Witches are the New Vampires: Watching WGN's "Salem"
John Alden Junior: What do they want, these terrible witches?
Cotton Mather: The same thing we all want: a country of their own.
Wow, speaking of Witchsploitation: a new TV series, set (you guessed it) in Salem, Mass, 1692.
Magic is real. Witches are real. There's a real coven that meets out in the woods wearing animal masks. (Sounds like our kind of people.) There's even a real Horned Man out in the woods that you and you and you can have sex with. And guess what: the witches themselves are the ones fomenting the big witch-hunt.
Ah, but you see, these witches are very clever: they're using the Puritans' fears against them. (Goethe suggests this same technique in Die Erste Walpurgisnacht: sound strategy for persecuted minorities, actually.) Set those cowans at each others' throats and eventually they'll all kill each other off and then (rubs hands together, cackles gleefully) the country will be...ours!
Witch City, Paganistan. Now why didn't we think of that?

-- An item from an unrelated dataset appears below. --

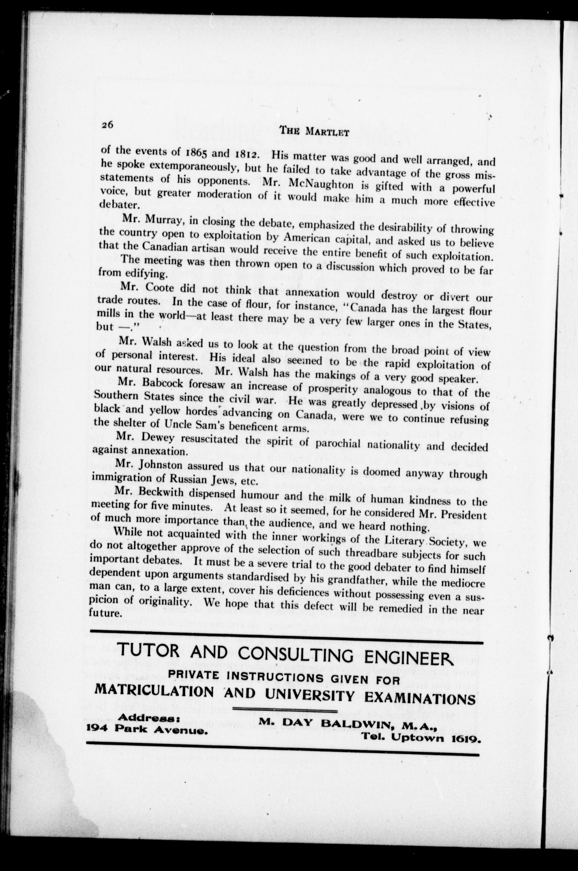 The McGill martlet : Vol. III, No. 6 (Nov. 10, 1910)

Say there actually were witches of our sort, paganish folk, back in the Old Country in the Old Days. Say they came to America for freedom to worship in the Old Way in the New Land across the sea. (All the old stories tell of the Land-to-the-West.) And then when we get there, lo and behold, out in the forest—and such a forest!—the Horned Man is already right there waiting for us, just as he always has been. “Red Champion” we call him, because he fights for the people. The Indians know him too: they call him “Red Horn”, and for the same reason.
Revisionist Witch-American history. In this particular instance it's not, I'll admit, compelling television: the language and ideas make no pretense of being anything but 21st century. The literal use of the supernatural leaves no room for dramatic tension. (Once admitted, no holds are barred: anything can happen. There is no science of miracles.) There aren't nearly enough good-looking guys (Cotton Mather's the only one, ugh), and of course there's the usual tiresome male/female nudity imbalance, sigh.
Salem is Old Style witchery for sure: toad familiars sucking supernumerary witches' tits, vengeful whammies, the works. (No osculum infame yet, but one lives in hope.) Interestingly, there does seem to be something of a Wiccan aesthetic throughout: lots of (female) skyclad with necklaces. Hey, it's good for publicity. It sure worked for Uncle Gerald.
Compelling viewing, no. But as part of the larger, ongoing magical act of collectively re-envisioning ourselves back into history: well, our authors have been doing this for several centuries, since back before there was a New Paganism, really. Richard Carpenter's Robin of Sherwood series changed the Robin Hood mythos forever by repaganizing it, Herne protect us.
Revisionist Witch-American history.
Witches are the new vampires, I hear and, as Frebur Moore has observed, anything they say about us becomes our possession, to be used as we see fit.
Hang onto those broomsticks, folks: it's gonna be a wild ride.